A little later Shaw caught sight of the vultures hovering above the track ahead of him. When he saw the body he slowed, and when he came up to it, scattering the indignant birds from their grisly meal, he edged round it, telling Debonnair not to look, talking the car half on to the verge with difficulty. A little farther on he stopped. Leaving Debonnair in the car—telling her, when she asked, that there was nothing anybody could do—he got out, walked back to the body, and dragged it laboriously off the road and into the shade of some trees, where he hid it in the scrubby undergrowth.
When he got back to the car Debonnair asked, a little white about the lips and trembling, “Esmonde, why did you do that?”
He started the car up. He said between his teeth, “A dead
guardia’s
too risky to leave; it’s obvious to us that Karina did that, but if that body had been found by anyone else and reported, all cars on this road would have been suspect—and remember, we’ve not seen any other vehicles since we got on to the San Pedro road early this morning.” He gave a hard laugh. “What we’re doing is too important for us to risk getting hooked up on a charge like that.”
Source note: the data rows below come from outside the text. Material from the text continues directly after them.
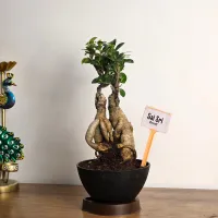 फाइकस जिनसेंग बोनसाई एक यूनिक और अर्टेक्टिव बोनसाई किस्म है जो अपनी मोटी, उभरी हुई जड़ों के लिए जानी जाती है जो जिनसेंग जैसी होती हैं, इसकी पत्त्यिॉ ओवलशेप और चमकदार होती है। यह फाइकस की माइक्रोकार्पा वेरायटी से भी संबंधित है और अपनी मजबूत प्रकृति के कारण सभी बनोसाई प्रेमियों के बीच लोकप्रिय है। यह इनडायरेक्ट सनलाइट में अच्छे से ग्रो करता है। इसे अच्छे भाग्य के साथ साथ, संपन्नता और सद्भाव का प्रतीक भी माना जाता है, इसे इनडोर सजावट और एक अच्छे ग्रीन गिफ्ट के रूप में भी उपयोग किया जाता है। नियमित छंटाई इसके कॉम्पैक्ट और आर्टिस्टिक शेप को बनाए रखने में मदद करती है।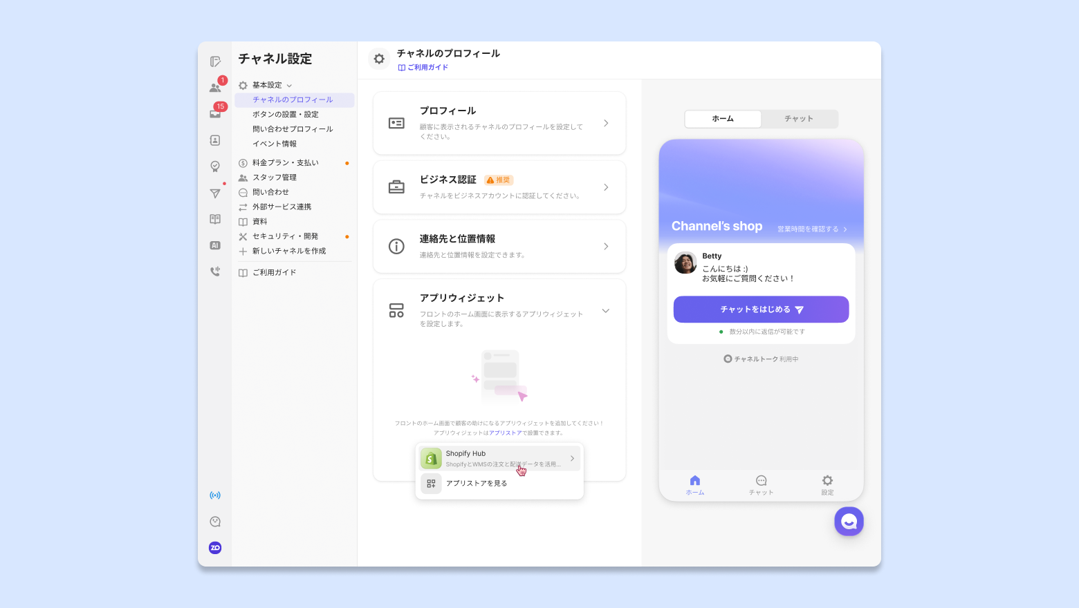 [チャネル設定] - [基本設定] - [チャネルのプロフィール] - [アプリウィジェット] で、アプリウィジェットを追加できます。顧客がチャネルトークのホーム画面でウィジェットを通してコマンドを実行できます。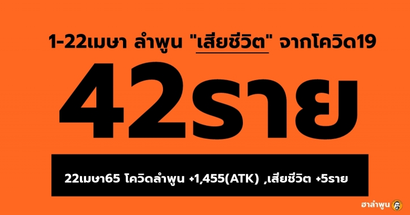 22เมษา65 โควิดลำพูน +1,455(ATK) ,เสียชีวิต +5ราย
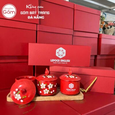 Khay mứt in logo 3 hũ dáng tròn màu đỏ hoạ tiết hoa mai trắng KMQT-04 là một lựa chọn quà tặng doanh nghiệp tinh tế, thể hiện sự tri ân sâu sắc và góp phần quảng bá thương hiệu một cách độc đáo. Bộ sản phẩm này được chế tác từ gốm sứ Bát Tràng danh tiếng, mang sắc đỏ tươi tắn cùng họa tiết hoa mai trắng vẽ tay, gợi lên không khí ấm cúng và may mắn của Tết Việt. Với khả năng cá nhân hóa bằng logo, khay mứt KMQT-04 không chỉ là vật phẩm trang trí bàn tiệc mà còn là sứ giả mang thông điệp gắn kết và thịnh vượng.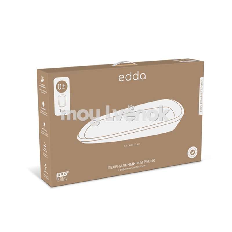 Пеленальный матрасик edda — это практичный и современный аксессуар для ухода за ребёнком. Матрасик выполнен из упругого, гипоаллергенного EVA-материала с эффектом ComfortWarm, поэтому его поверхность всегда мягкая и тёплая. Он прост в уходе: его достаточно протереть влажной салфеткой. Антискользящая поверхность и высокие бортики обеспечивают безопасность и удобное положение во время гигиенических процедур, пеленания или массажа.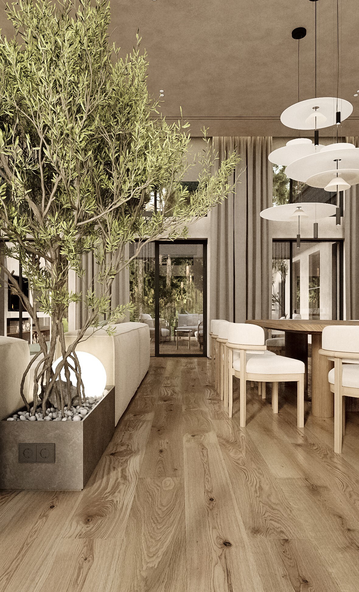 Концепция: В основе проекта лежит философия минимализма и функциональности. Открытые пространства максимально используют естественное освещение, а применение натуральных материалов – дерева, камня и текстиля – создает тепло и уют. Это место, где современные тенденции гармонично сочетаются с традициями, формируя идеальную среду для жизни и вдохновения.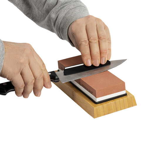 Погрузите камни в воду на 15-20 минут или до тех пор, пока не перестанут выделяться пузырьки. Достаньте камни и зафиксируйте их на противоскользящей подставке. Положите камень на бамбуковую подставку. За счет влаги появляется суспензия из воды и абразивных частиц, которые эффективно удаляют металл, обеспечивая высококачественную заточку. Заточка лезвия начинается со стороны с меньшей гритностью. Соблюдая угол заточки, проводите лезвием ножа по поверхности камня в течение 5-7 минут плавными движениями от себя. Периодически смачивайте камень водой. Когда заусенец перестал образовываться, переверните камень и повторите процесс заточки на стороне с большей гритностью. Затем возьмите следующий по гритности камень и повторите процедуру. Завершив использования, промойте камень и высушите.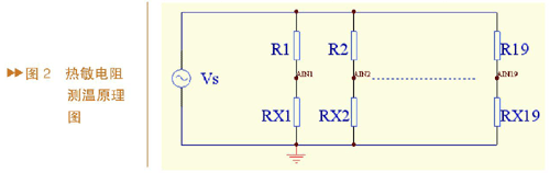 测量热敏电阻阻值的电路原理与测量恒温箱温度的原理相似,如图2所示。图中,电压源是由LM317组成的可调电压源,大小为3.8V,R1至R19为2kΩ的高精密电阻器,温度系数(TCR)为15PPM。下部电阻RX1至RX19为待测的热敏电阻。两电阻的连结点AIN1到AIN19的电压被送往AD7731的电压输入端。当下部的热敏电阻阻值随温度发生变化时,AINX点的电压也随之改变,通过它可以测得阻值的变化情况。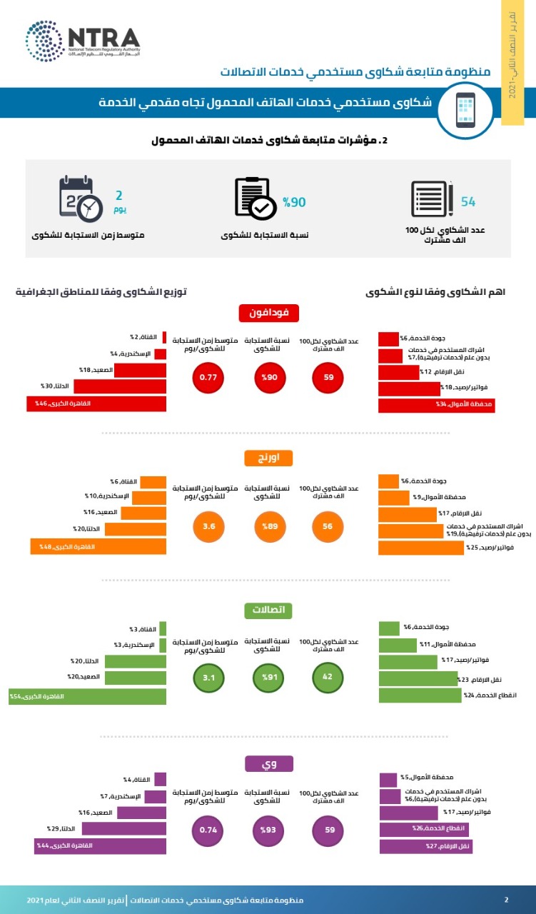 أصدر الجهاز القومي لتنظيم الاتصالات التقرير النصف سنوي الثاني لمنظومة متابعة شكاوى مستخدمي خدمات الاتصالات، عن الفترة من يوليو إلى ديسمبر 2021، والذي يعرض أهم المؤشرات المتعلقة بشكاوى مستخدمي خدمات الهاتف الثابت والمحمول والانترنت الثابت وأجهزة التليفون المحمول، ونسبة ووقت الاستجابة لشكاوى العملاء بعد تصعيدها للجهاز القومي لتنظيم الاتصالات، ويأتي ذلك في إطار حرص الجهاز على دعم حقوق المستخدمين وضمان تقديم خدمات اتصالات ذات جودة في السوق المصري.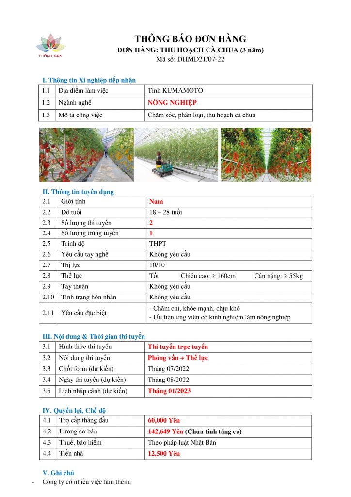 Thông tin chi tiết về đơn hàng và chương trình lao động tại Nhật Bản, xin vui lòng liên hệ: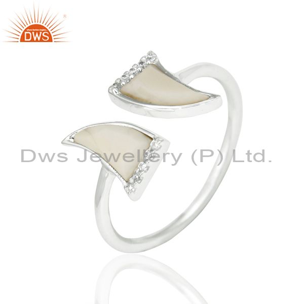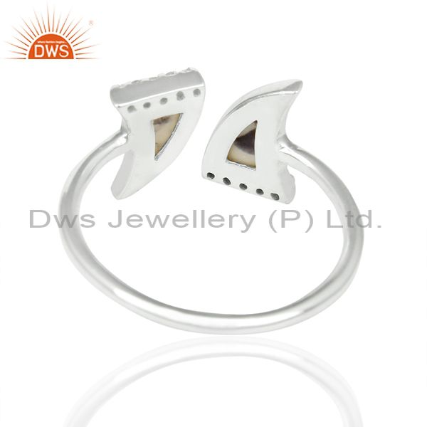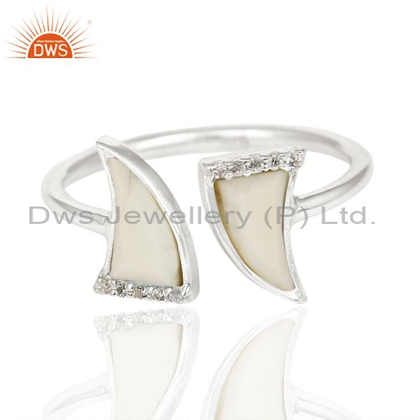 Howlite Two Horn Cz Studded Openable Adjustable 92.5 Sterling Silver Ring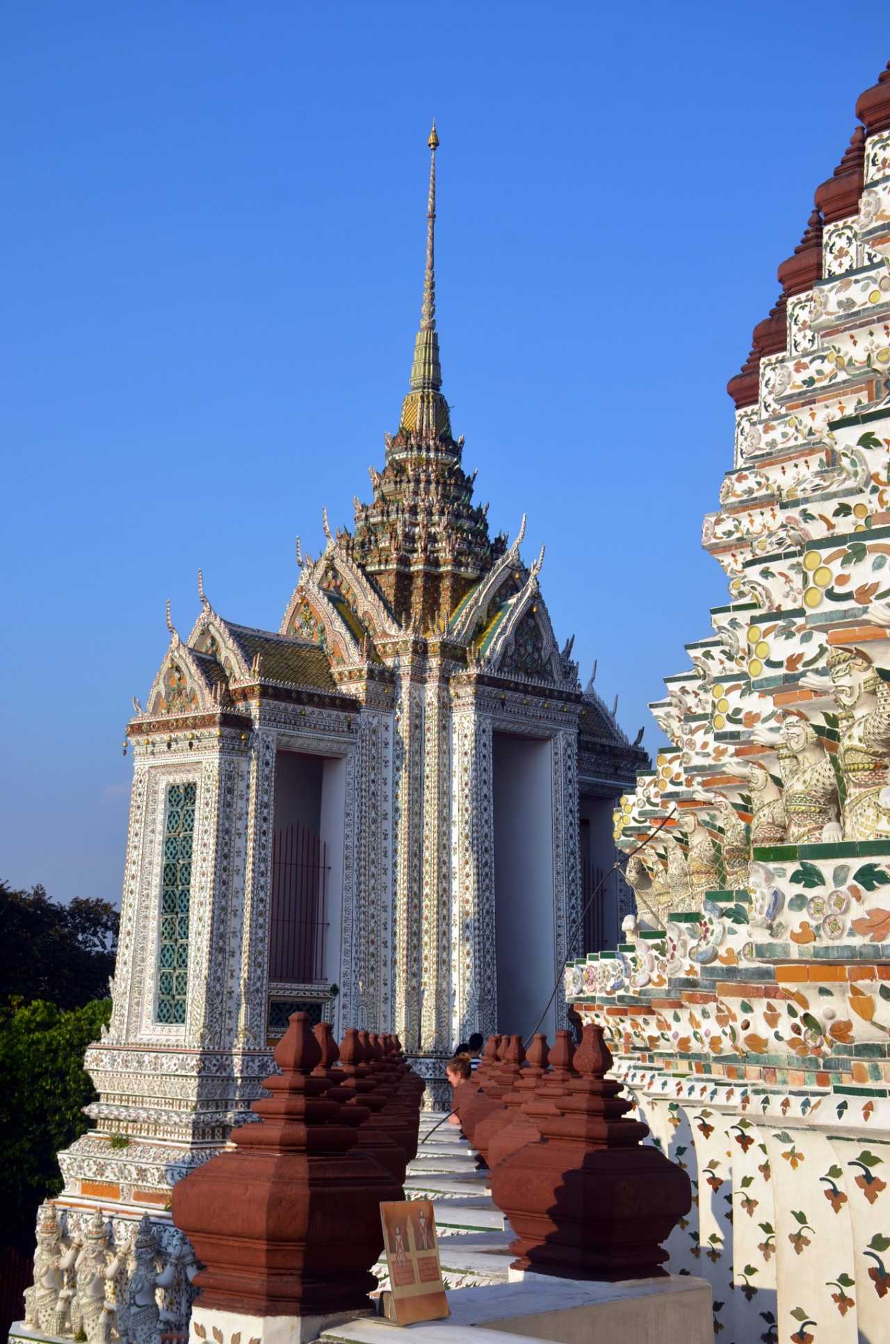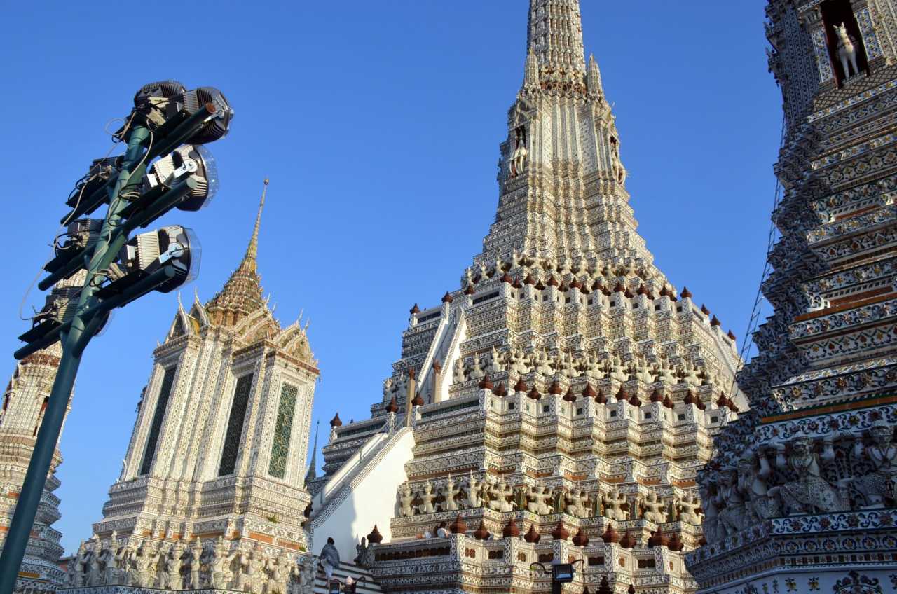 Wat ArunWat Arun is predominantly white, with exquisitely detailed carvings—a classic Southeast Asian architectural style.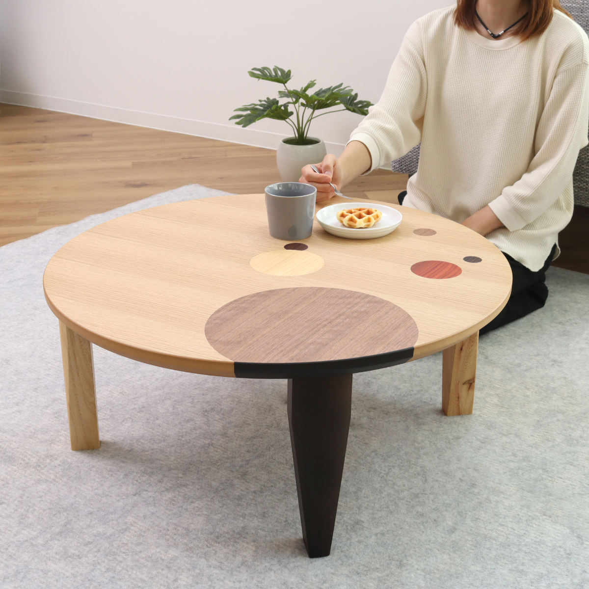 ■ローテーブル 折りたたみ 円型 直径75cm アース ( ナラ 象嵌入り 突板仕上げ 日本製 和風 円卓 ちゃぶ台 テーブル 天然木 木製 折り畳み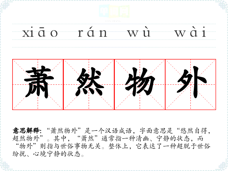 通过对“萧然物外”的学,我深刻理解到在现代生活中保持内心的宁静与超脱是多么重要。这不仅有助于提升个人的心理素质,也使得我们的表达更加丰富和深刻。在语言学中,掌握这样的成语能够增强我们的文化理解和表达能力。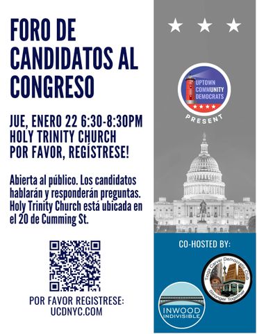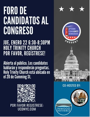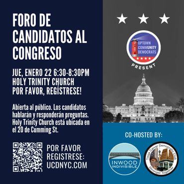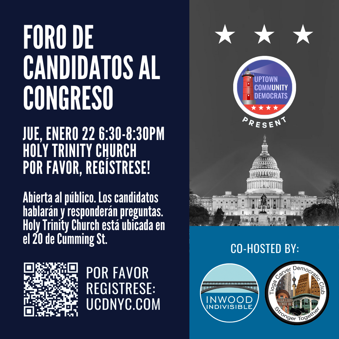 Gracias a Inwood Indivisible y al Tioga Carver Democratic Club por coorganizar este evento junto a Uptown Community Democrats.

He drove just a shade more savagely than before. He could feel the girl’s body trembling against his. Then ahead he saw what he’d expected to see: the other
guardia
, second of the customary pair, and the man was lying on the dusty verge, gasping.
Shaw slid to a stop, and he and Debonnair got out quickly and went over to the man. Looking at the big, blood-drained face and now angry eyes of Pepe, Shaw, with an effort, controlled his burning impatience and waited for the man to pull himself together—he was obviously badly injured. Shaw said quietly, “I know your friend was killed . . . that much I saw. Was it a big car, scarlet and silver and black?”
Pepe nodded.
“We’ll take you with us,
amigo
, and we’ll catch up with the car that did this.” He added, as he got out to give Debonnair a hand with Pepe, “Which way did they go, did you notice?”
“Señor, they went along the San Pedro road.”
“Right,” said Shaw grimly. “That’s all I wanted to know.” There was a blood-flecked foam on Pepe’s lips as they helped him into the back of the car; Debonnair got in beside him, supported the dying man against her breast. As Shaw jumped in behind the wheel she told him that the man ought to be got to hospital at once. Shaw nodded, let in the clutch. He drove fast but carefully, trying to avoid the bad patches because of Pepe, swinging into the San Pedro road and heading for those wicked hairpin bends. Thank Heaven, the surface was pretty good in parts, perhaps the best in Andalusia.